-------- Data for this exercise --------

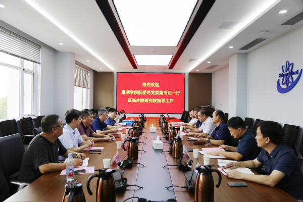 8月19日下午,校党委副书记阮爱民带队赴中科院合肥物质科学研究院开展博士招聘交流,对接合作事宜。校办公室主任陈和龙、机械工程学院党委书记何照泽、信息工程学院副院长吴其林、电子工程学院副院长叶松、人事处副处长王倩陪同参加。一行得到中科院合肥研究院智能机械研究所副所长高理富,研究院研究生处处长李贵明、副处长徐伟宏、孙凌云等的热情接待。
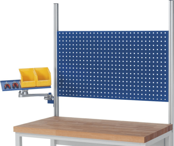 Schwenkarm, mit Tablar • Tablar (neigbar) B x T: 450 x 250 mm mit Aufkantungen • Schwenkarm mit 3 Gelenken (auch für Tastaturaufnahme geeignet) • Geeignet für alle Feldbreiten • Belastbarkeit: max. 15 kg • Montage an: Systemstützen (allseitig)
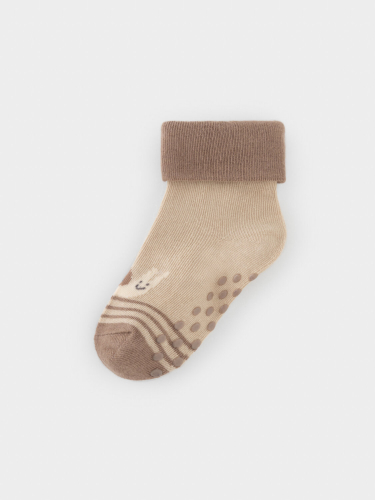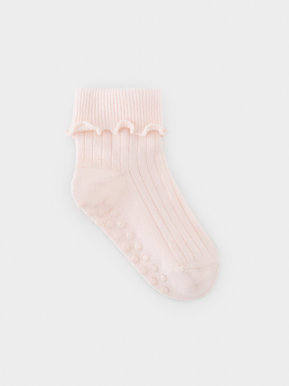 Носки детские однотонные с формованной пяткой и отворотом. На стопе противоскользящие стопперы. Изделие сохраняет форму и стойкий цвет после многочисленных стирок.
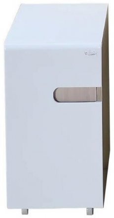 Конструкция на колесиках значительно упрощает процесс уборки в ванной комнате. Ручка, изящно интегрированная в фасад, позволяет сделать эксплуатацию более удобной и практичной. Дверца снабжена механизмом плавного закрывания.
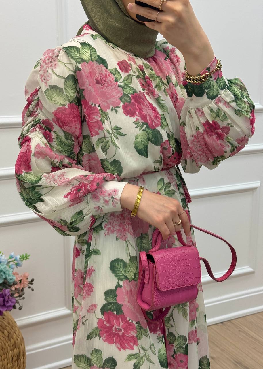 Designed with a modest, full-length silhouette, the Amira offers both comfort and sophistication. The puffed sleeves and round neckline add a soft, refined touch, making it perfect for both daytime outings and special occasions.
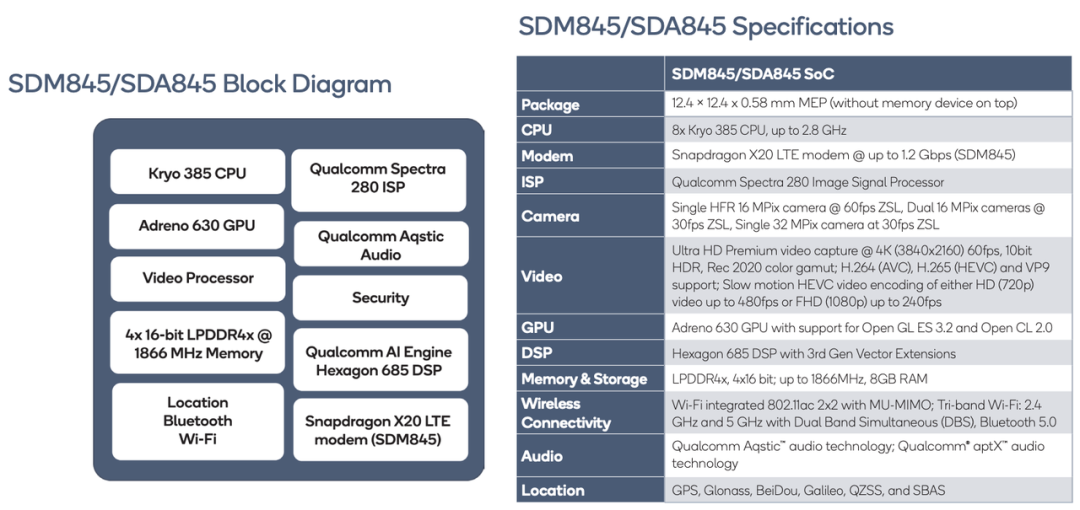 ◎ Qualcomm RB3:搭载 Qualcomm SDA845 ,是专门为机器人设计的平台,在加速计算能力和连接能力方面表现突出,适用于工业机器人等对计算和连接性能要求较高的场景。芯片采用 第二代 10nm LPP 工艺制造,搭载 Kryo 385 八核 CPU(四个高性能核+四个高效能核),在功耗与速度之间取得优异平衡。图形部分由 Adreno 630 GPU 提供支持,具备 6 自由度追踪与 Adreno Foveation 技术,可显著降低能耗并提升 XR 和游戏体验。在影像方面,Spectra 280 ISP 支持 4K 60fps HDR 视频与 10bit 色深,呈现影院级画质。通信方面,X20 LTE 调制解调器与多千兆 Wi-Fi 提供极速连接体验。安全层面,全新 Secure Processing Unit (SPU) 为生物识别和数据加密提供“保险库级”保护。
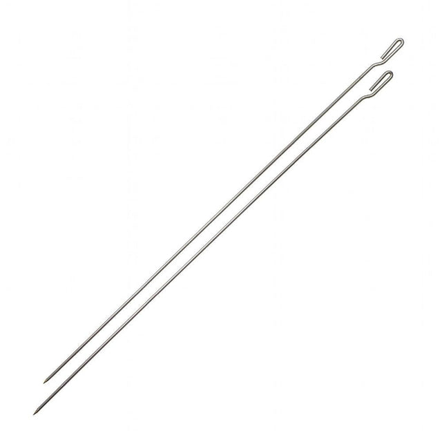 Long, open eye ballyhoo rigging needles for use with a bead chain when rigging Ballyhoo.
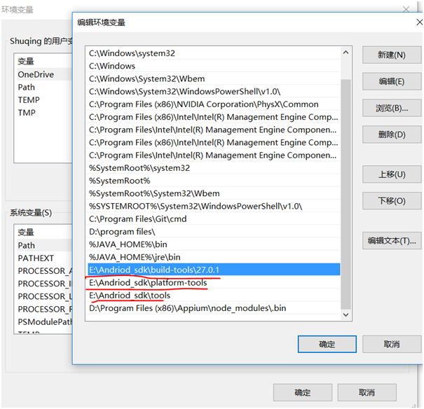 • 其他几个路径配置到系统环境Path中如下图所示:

--------

■ Task instructions
Once you find the line with "Designed with a", restate it and every later line of the data word for word, excluding the pictures.

■ Task result
 Designed with a modest, full-length silhouette, the Amira offers both comfort and sophistication. The puffed sleeves and round neckline add a soft, refined touch, making it perfect for both daytime outings and special occasions.
 ◎ Qualcomm RB3:搭载 Qualcomm SDA845 ,是专门为机器人设计的平台,在加速计算能力和连接能力方面表现突出,适用于工业机器人等对计算和连接性能要求较高的场景。芯片采用 第二代 10nm LPP 工艺制造,搭载 Kryo 385 八核 CPU(四个高性能核+四个高效能核),在功耗与速度之间取得优异平衡。图形部分由 Adreno 630 GPU 提供支持,具备 6 自由度追踪与 Adreno Foveation 技术,可显著降低能耗并提升 XR 和游戏体验。在影像方面,Spectra 280 ISP 支持 4K 60fps HDR 视频与 10bit 色深,呈现影院级画质。通信方面,X20 LTE 调制解调器与多千兆 Wi-Fi 提供极速连接体验。安全层面,全新 Secure Processing Unit (SPU) 为生物识别和数据加密提供“保险库级”保护。
 Long, open eye ballyhoo rigging needles for use with a bead chain when rigging Ballyhoo.
 • 其他几个路径配置到系统环境Path中如下图所示:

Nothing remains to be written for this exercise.